NABX no antibiotics, ABX antibiotics, AD acute diverticulitis, CT computed tomography, RCT randomised controlled trial, BMI body mass index, SD standard deviation

Primary outcome

Disease recurrence during follow-up

All studies

Recurrence of diverticulitis during the follow-up period was reported in nine studies, with 3,092 patients (Fig. 2). The total recurrence rate was 19.1% across the two groups. The NABX group was associated with a statistically significantly lower risk of disease recurrence than the ABX group [16% vs. 22.5%, OR: 0.66 (0.84,0.90) 95% CI, P = 0.01]. Cochran’s Q test demonstrated substantial heterogeneity amongst the included studies [I² = 53%, P = 0.03].

Fig. 2.

Forest plots of the measured outcomes compared between the no-antibiotic group (NABX) and the antibiotic group (ABX)

Subgroup analysis

Subgroup analysis showed a non-statistically significant trend towards lower recurrence rate in the NABX group as follows: RCTs only [20.4% NABX vs. 21% ABX, OR: 0.97, P = 0.82], right-sided diverticulitis [5.8% NABX vs. 10.3% ABX, OR: 0.56 (0.21, 1.50) 95% CI, P = 0.25], and first episode of acute diverticulitis [10% NABX vs. 13.4% ABX, OR: 0.64 (0.33, 1.26) 95% CI, P = 0.20] (Appendix 2).

Secondary outcomes

The pooled analysis of emergency and elective resections showed no statistically significant difference between the two comparison groups [0.9% NABX vs. 1.1% ABX, RD: -0.00 (-0.01, 0.00) 95% CI, P = 0.33] and [3.2% NABX vs. 2.6% ABX, OR: 1.14 (0.54, 2.43) 95% CI, P = 0.73], respectively (Fig. 2).

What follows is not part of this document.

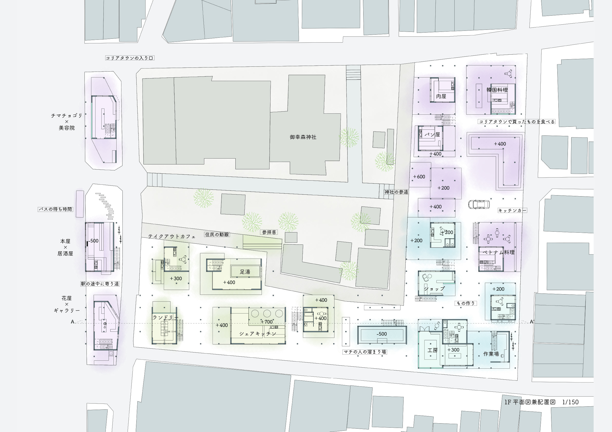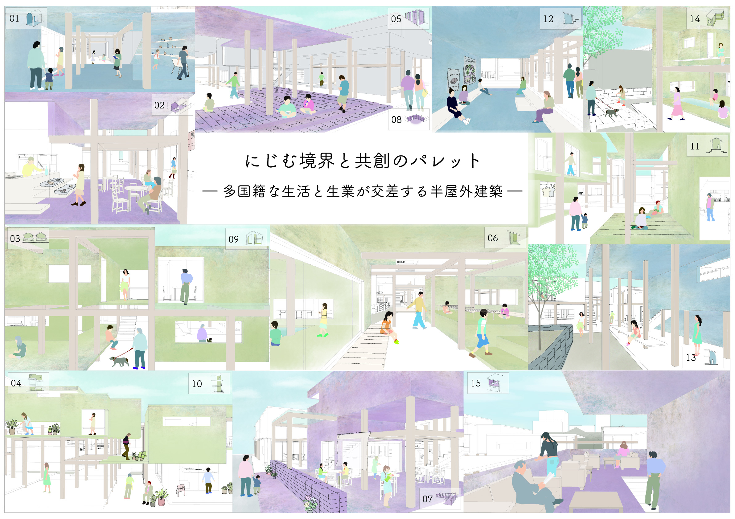 にじむ境界と共創のパレット ― 多国籍な生活と生業が交差する半屋外建築 ― Blurring boundaries and a palette of co-creation
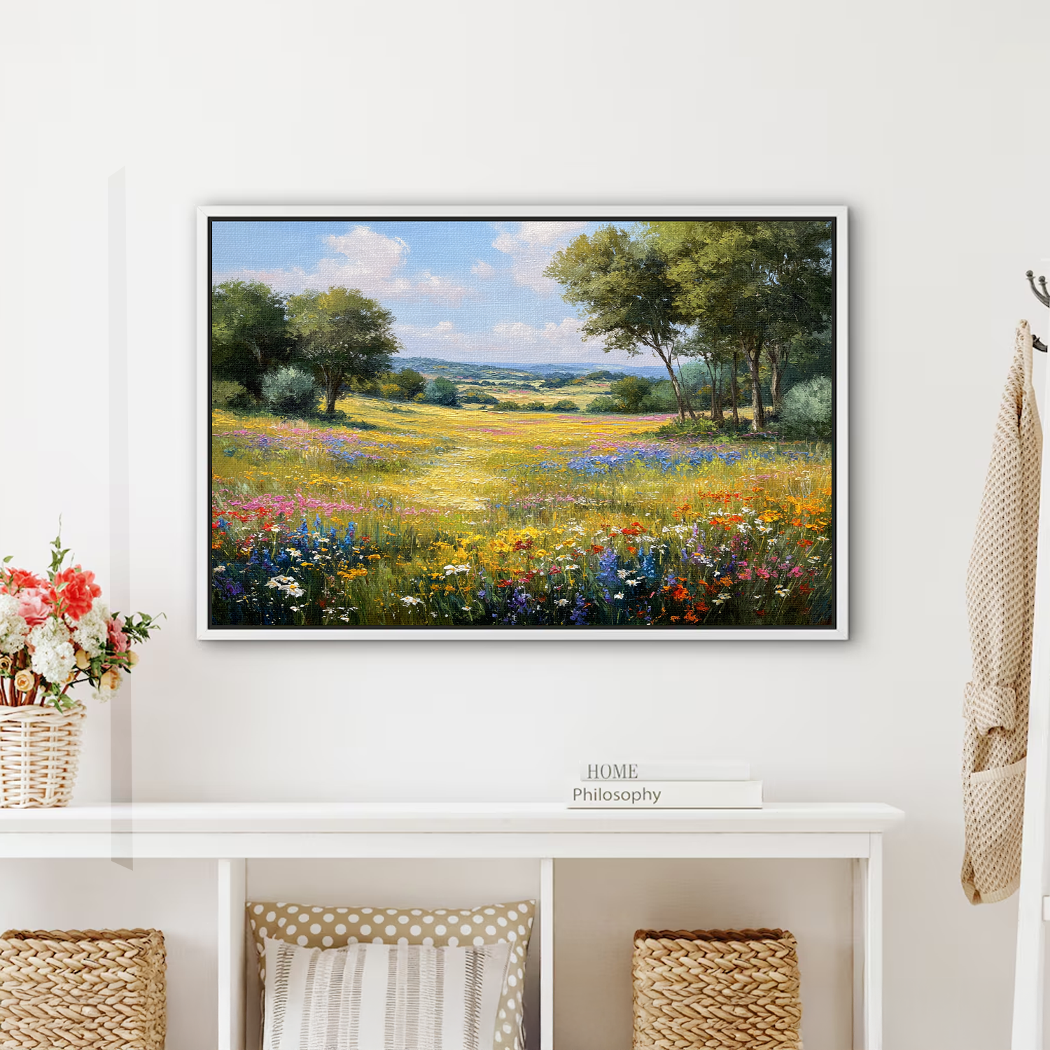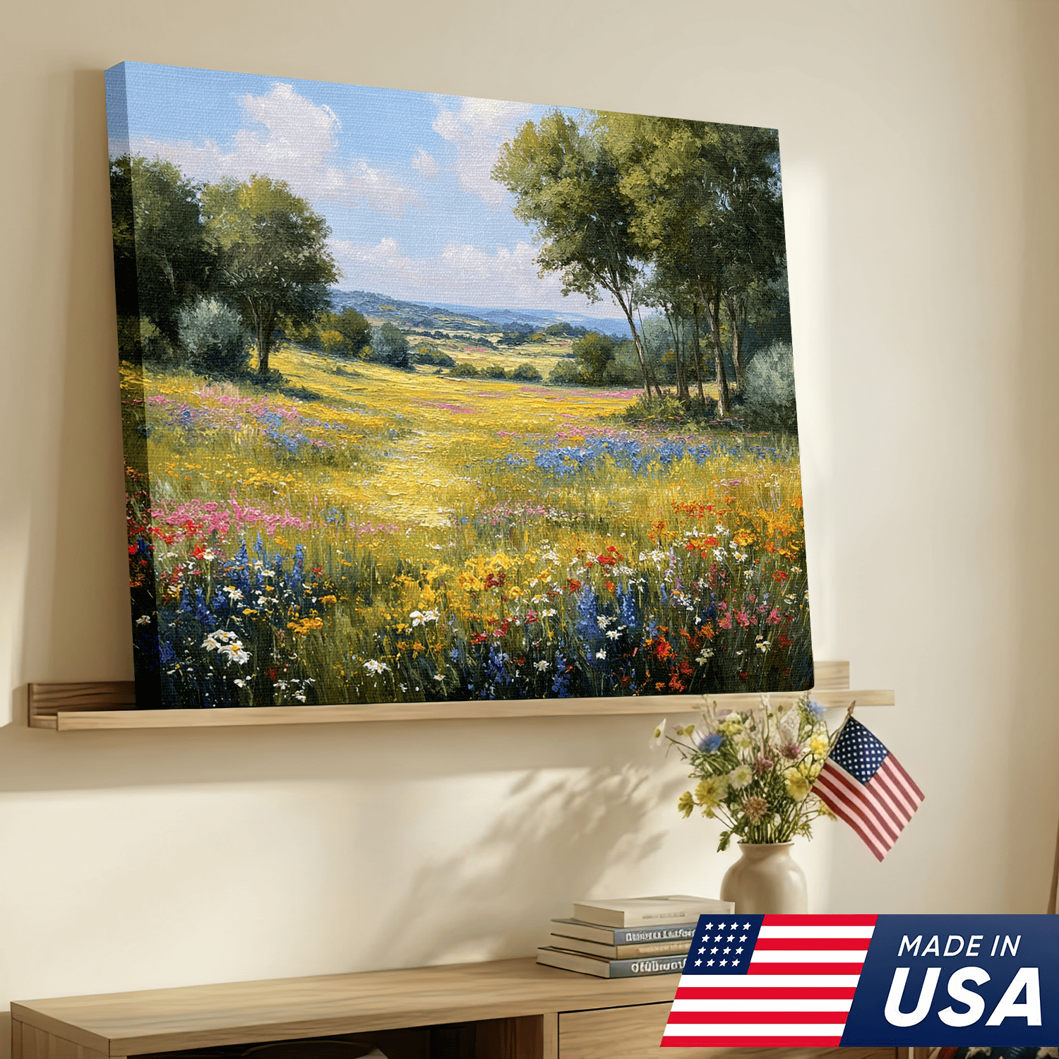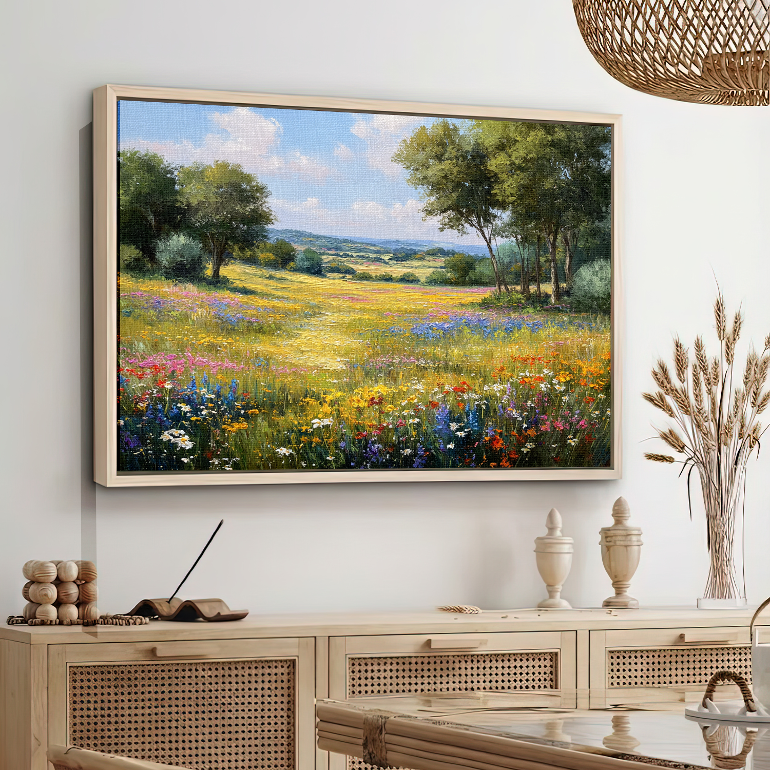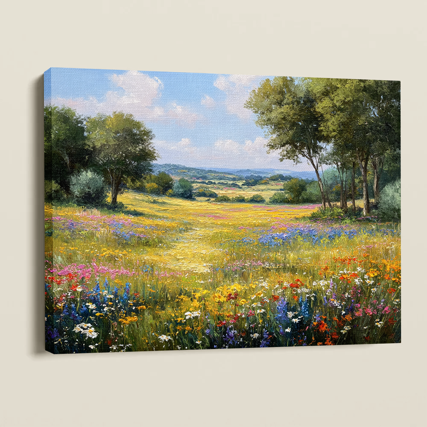 Sunlit Valley Floral Landscape Framed Canvas β Pastoral Bloom

Moreover, the two groups also showed comparable results with the following: development of complicated diverticulitis [2.6% NABX vs. 2.9% ABX, OR: 0.90 (0.56, 1.43) 95% CI, P = 0.65], Diverticular abscess [0.7% NABX vs. 0.3 ABX, OR 2.04 (0.47, 8.77) 95% CI, P = 0.34], perforation [0.9% NABX vs. 0.8% ABX, OR 1.15 (0.29, 3.35) 95% CI, P = 0.80], fistula [0.5% NABX vs. 0.3% ABX, OR 1.05 (0.29, 3.75) 95% CI, P = 0.94], re-admissions [13.6% NABX vs. 11% ABX group, OR: 1.12 (0.71, 1.77) 95% CI, P = 0.65] and 30-day mortality [2.6% NABX vs. 3.0% ABX, OR: 0.97 (0.57, 1.64) 95% CI, P = 0.91] (Fig. 2).

Length of hospital stay was reported in 10 studies (n = 3,430 patients). The NABX group revealed a significantly shorter length of stay compared with the ABX group [3.2 ± 2.2 days in the NABX group vs. 4.1 ± 3.2 days in the ABX group, MD: -0.68 (-1.14, -0.22) 95%, P = 0.004] (Fig. 2).

B- Outpatient versus inpatient management

Our search yielded twelve studies [23, 30–40] comparing OP vs. IP management of patients diagnosed with Hinchey 1a diverticulitis (PRISMA flow chart - Fig. 1). A total of 2,286 patients were divided into the OP group (n = 1,021) and the IP group (n = 1,265). A single study was a multicentric RCT [37]; the remainder were observational studies [23, 30–36, 38–40]. Various treatment strategies were employed in the included studies. These included a conservative NABX approach [23, 36, 39], oral ABX for OP treatment and intravenous ABX for IP’s [30–33, 37, 38, 40], and finally intravenous ABX for all patients [34, 35].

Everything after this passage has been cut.